Will die Psyche zu Gott? Welche Kraft interveniert und führt uns Grenzen vor? Oder ist die Liebe das letzte offene Zeichen, der paradiesische Zustand von Antworten und Gelassenheit. Aber die Liebe zu was? Zur Schöpfung? Zur Vergebung für die Zerstörung derselben? Zum anderen Menschen? Um den anderen genannten Metarealitäten zu entgehen?
Kelvin verbohrt sich in die Hoffnung der Glückseligkeit zu zweit, will auch notfalls mit seiner Frau im All bleiben um den Fehler, seine Rheya kurz vor ihrem Selbstmord alleingelassen zu haben, wiedergutmachen.
 
Der Egoismus gipfelt in schrecklichen Erkenntnissen und durch die Energie, die zur Neutralisierung der Besucher gebraucht wird, bleibt nicht mehr genug Kraft, um Prometheus aus der Anziehungskraft des gleisenden 'Solaris' herauszusteuern.

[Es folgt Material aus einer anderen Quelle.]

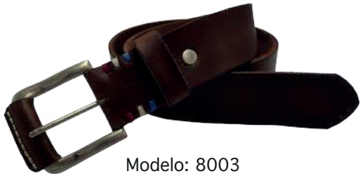
Modelo: 8003 Cinturón casual, Búfalo de agua Colores: Tan Ancho: 38 mm Tallas: 32-42
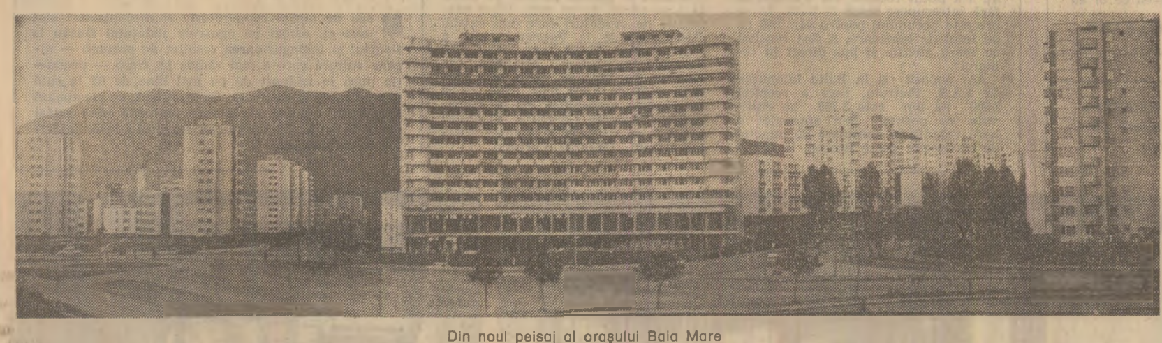
Din noul peisaj al orașului Baia Mare

Indiscutabil, în condițiile unei economii dinamice, moderne, cum este economia României, dezvoltarea în ritmurile înalte stabilite nu poate fi înțeleasă numai sub latura sa cantitativă, importantă, desigur, ci mai ales sub aspectul calitativ, de eficiență — care înseamnă, de fapt, fructificarea cu maximum de rezultate economice a potențialului tehnic, material și uman de care dispune țara noastră. Tocmai de aceea, plenara Comitetului Central al partidului cheamă organele și organizațiile de partid, conducerile ministerelor, întreprinderilor și centralelor, pe toți oamenii muncii să desfășoare acțiuni energice, perseverente, hotărîte pentru a se obține producții tot mai mari, sporuri tot mai importante de venit național pe seama reducerii accentuate a cheltuielilor de producție și, în primul rînd, a celor materiale, creșterii productivității muncii, gospodării cu înaltă responsabilitate a tuturor capacită-
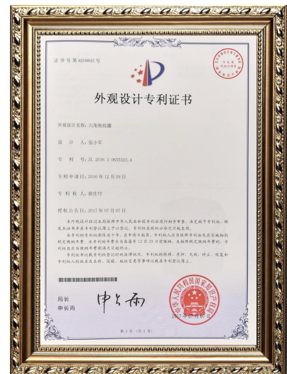
Патентный номер: 201630655323.4
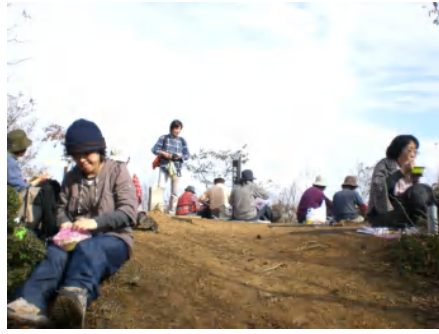
頂上にてお弁当です。
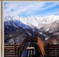
"HAKUBA MOUNTAIN HARBOR"

**ราคาทัวร์ดังกล่าวรวมค่าธรรมเนียมที่พักแล้ว
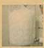
40グラムの羽毛を足す
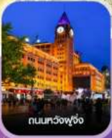
ถนนหวงฟู่จิ้ง
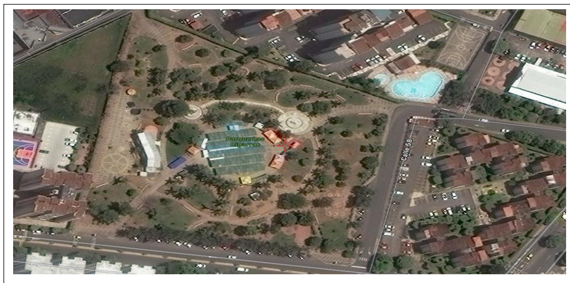
Figura # 5 Parque de las Cigarras Zona 5
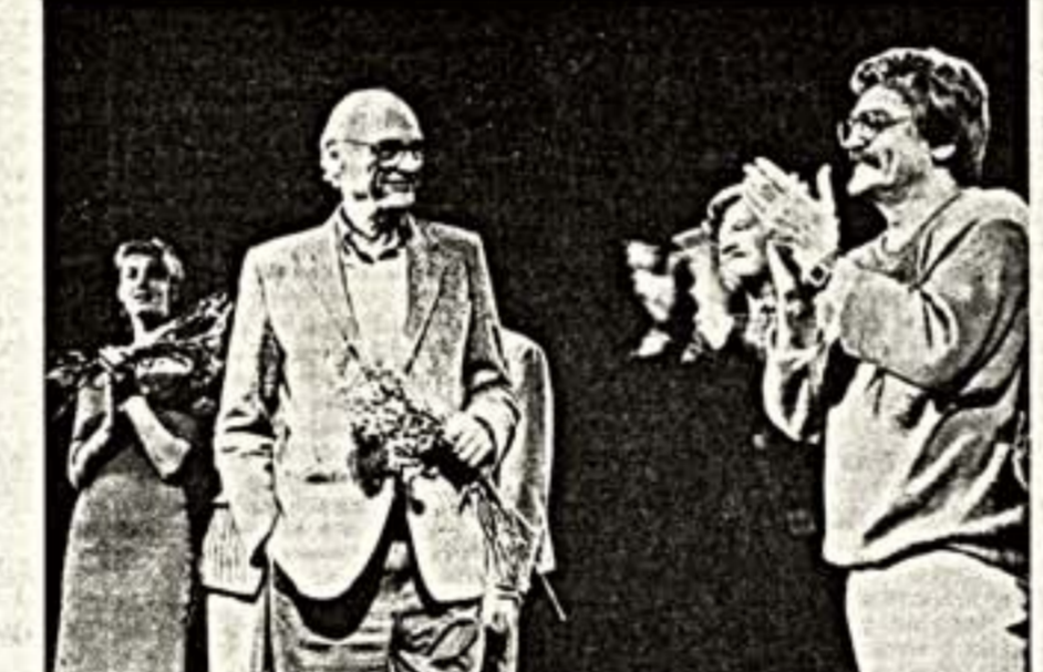
«ЖИТЬ НЕ БОЯСЬ...» АРТУР МИЛЛЕР НА МОСКОВСКОЙ ПРЕМЬЕРЕ СВОЕЙ ПЬЕСЫ «ПОСЛЕ ГРЕХОПАДЕНИЯ»
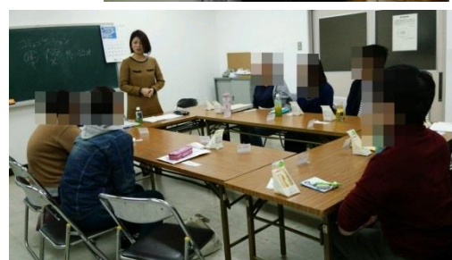
サポステ卒業生企業さんとの懇談会
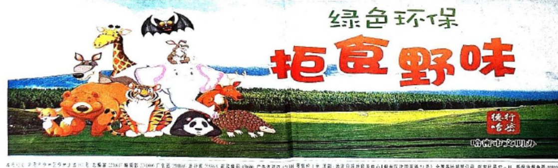
图3 项目报纸公告情况(2022年7月26日报纸公告)
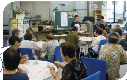
ん〜ん♪ 美味しい!! みんなニコニコ
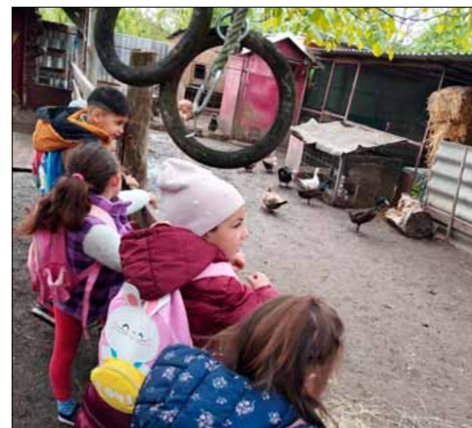
A kicsik néhány órára betekintést nyerhettek a tanyasi életbe
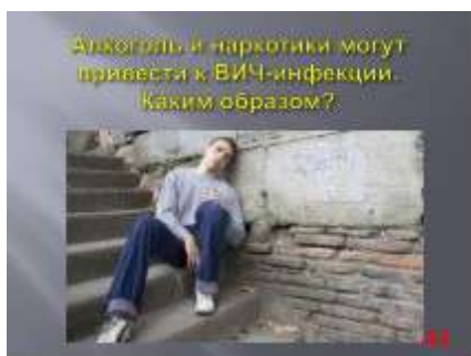
Слайд № 44 (1)

принимать терапию. В этом случае есть шанс жить долго и полноценно, а также родить здорового ребенка.
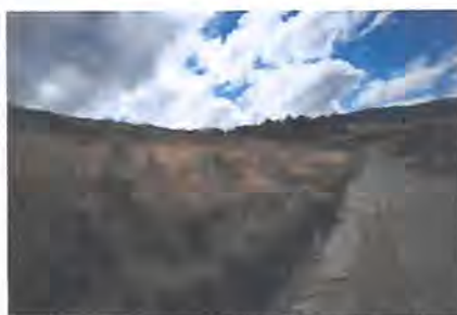
Pendientes de escorrentía superficial

Las secciones o instalaciones de control de escorrentía superficial son correctos requiriendo mejorar la señalización con el fin de efectuar un adecuado control post evento.
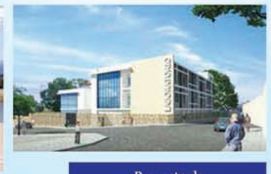
Proyecto de Construcción del Laboratorio Nacional de Vigilancia de la Salud
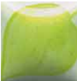
EZ 018 Chartreuse
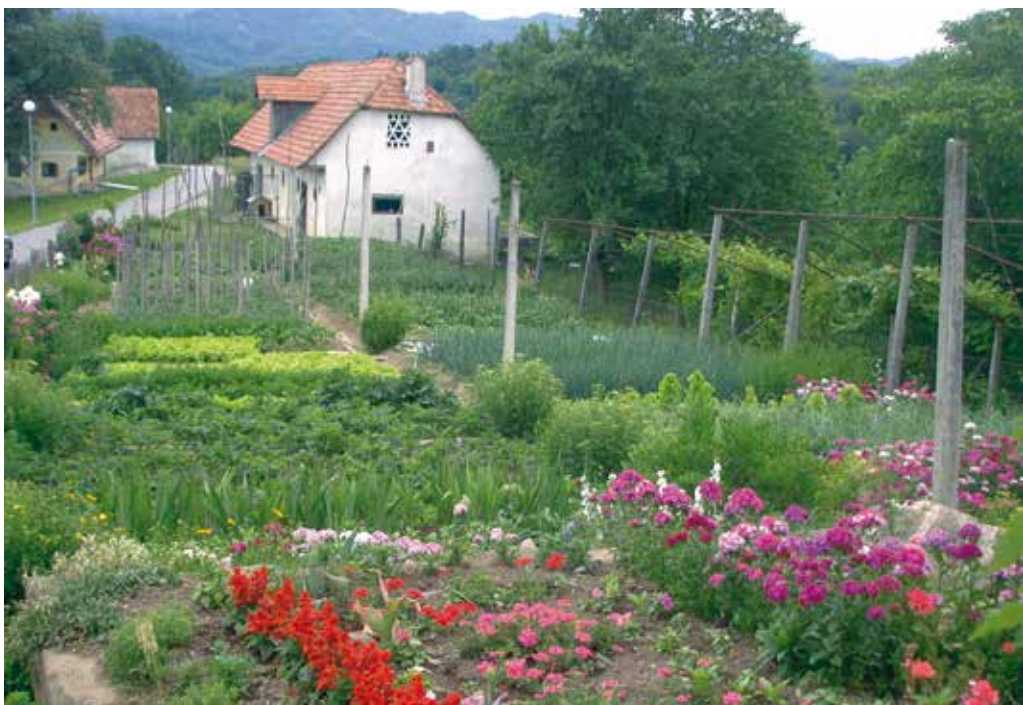
Pisan in urejen vrt.
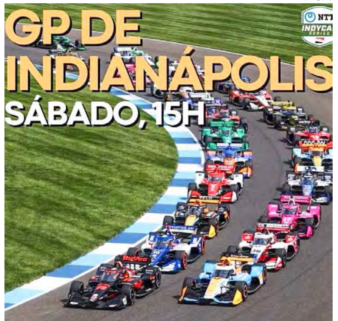
GP de Indianápolis 2 terá transmissão da ESPN e TV Cultura
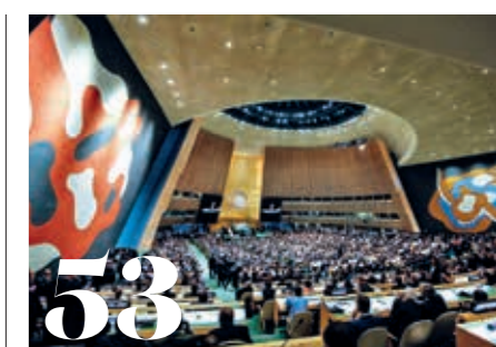
„Egyedülálló, felbecsülhetetlen értékű és nélkülözhetetlen lett az ENSZ”
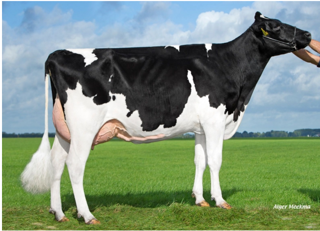
Midwolder Marjon 168 GP-84
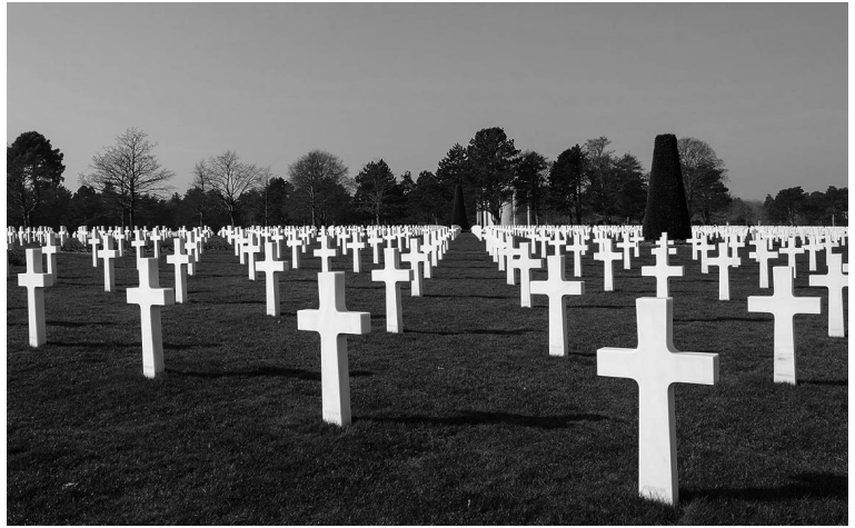
Amerikaans oorlogskerkhof, Colleville-sur-mer Normandië

In de toekomst worden de vruchten rijp van de zaden die we nu planten. Wat wij nu doen, heeft gevolgen voor de toekomst.
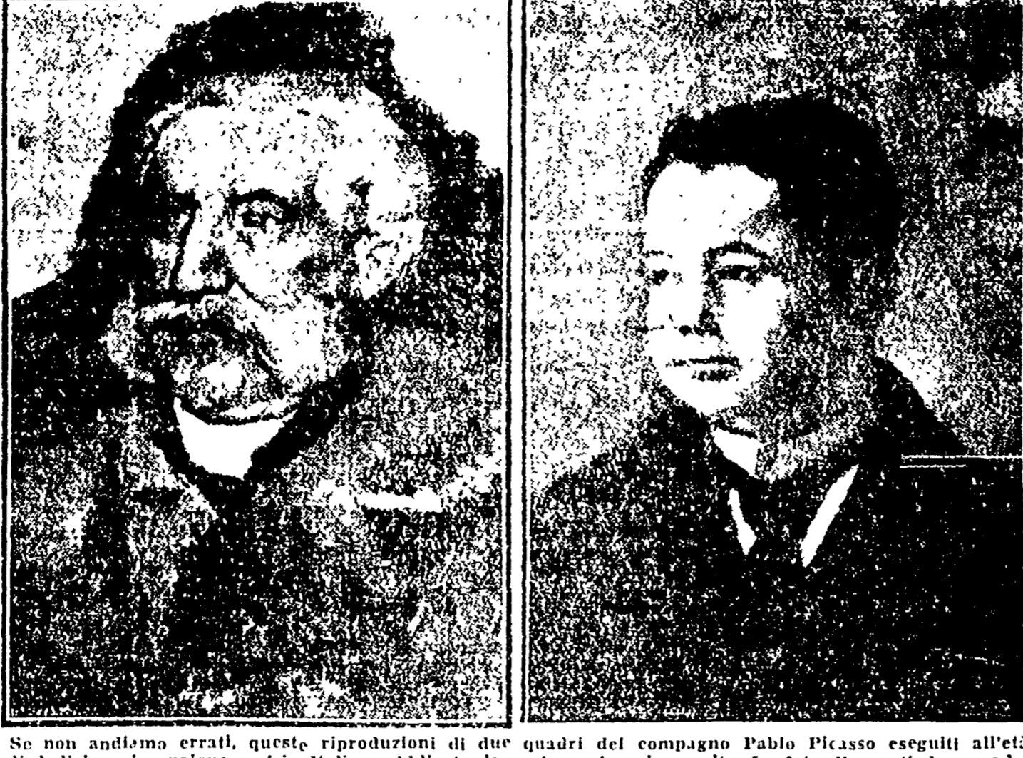
Se non andiamo errati, queste riproduzioni di due quadri del compagno Pablo Picasso eseguiti all'età di dodici anni appaiono, qui in Italia, pubblicate da noi per la prima volta. Le foto di questi due quadri furono donate l'anno scorso da Picasso ad una rivista d'arte francese.
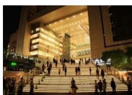
④グランフロント大阪会場 (うめきた広場)
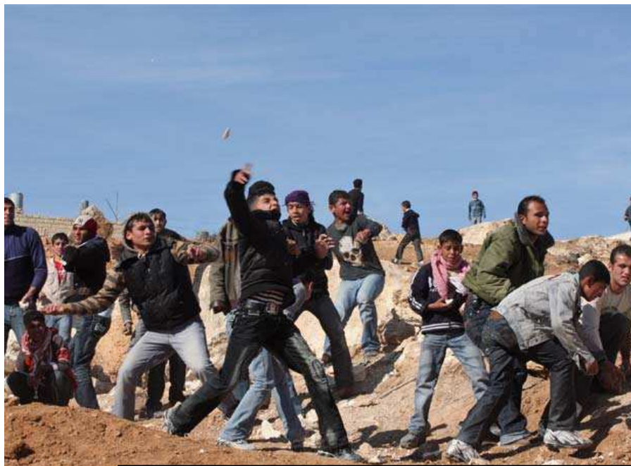
Un grup de joves palestins s'enfronta amb pedres a les tropes israelís en
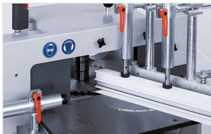
Frezarka do słupków AF 222/02
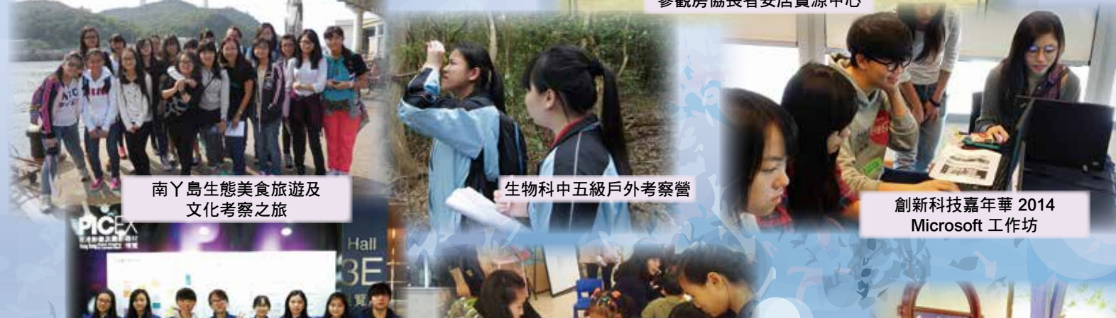
南丫島生態美食旅遊及文化考察之旅
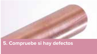
5. Compruebe si hay defectos
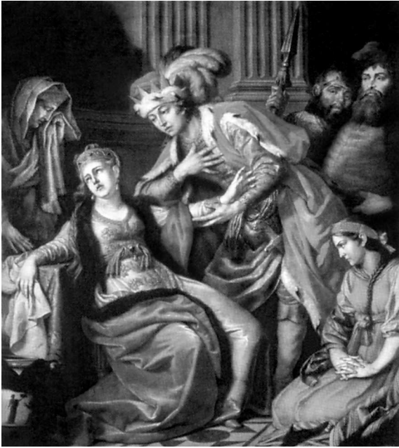
Владимир и Рогнеда. Худ. А.П. Лосенко

черт, в достоверности которых можно скорее сомневаться, чем принимать их на веру. Откидывая в сторону все, что может подвергаться сомнению, мы ограничимся короткими сведениями, которые при всей своей скудости все-таки достаточно показывают чрезвычайную важность значения Владимира в русской истории.

Der Film endet in einem paradiesischen Zustand von Vergebung und zweisamer Unendlichkeit für Kelvin und Rheya, der auf den ersten Blick sehr christlich anmutet. Im Grunde wird die Frage, was denn jetzt Schein, Traum oder Realität war/ist, aber so auch nicht beantwortet. Der fehlbare Mensch ist auch in diesem Zustand der Vergebung seiner Fehler nicht vor neuen Fehlern geschützt, im Gegenteil vielleicht fehlt gar der Leidensdruck, sie zu vermeiden.

So bleiben Fragen: Was ist Liebe? Eine gemeinsame Projektion oder zweifacher Egoismus? Was ist der Sinn? Vor allem, wenn ein von der Zeit losgelöstes Leben, das kein Ende mehr aufweist und durch verschwommene Erinnerungen (die Unfähigkeit zu sehen, wird durch viele unscharfe Einstellungen illustriert) auch keinen Anfang, im Grunde die menschliche Vorstellung übersteigt.

Bin das ich oder ich als mein Besucher?

Ein faszinierender Film, der viele Fragen auf sehr ästhetische Weise aufwirft und dabei auch noch gut umgesetzte romantische und Thriller-Motive aufweist. Anscheinend soll das Original von 1972, das der russische Regisseur Andrej Tarkowskij nach dem Roman von Stanislaw Lem gemacht hat, noch besser sein.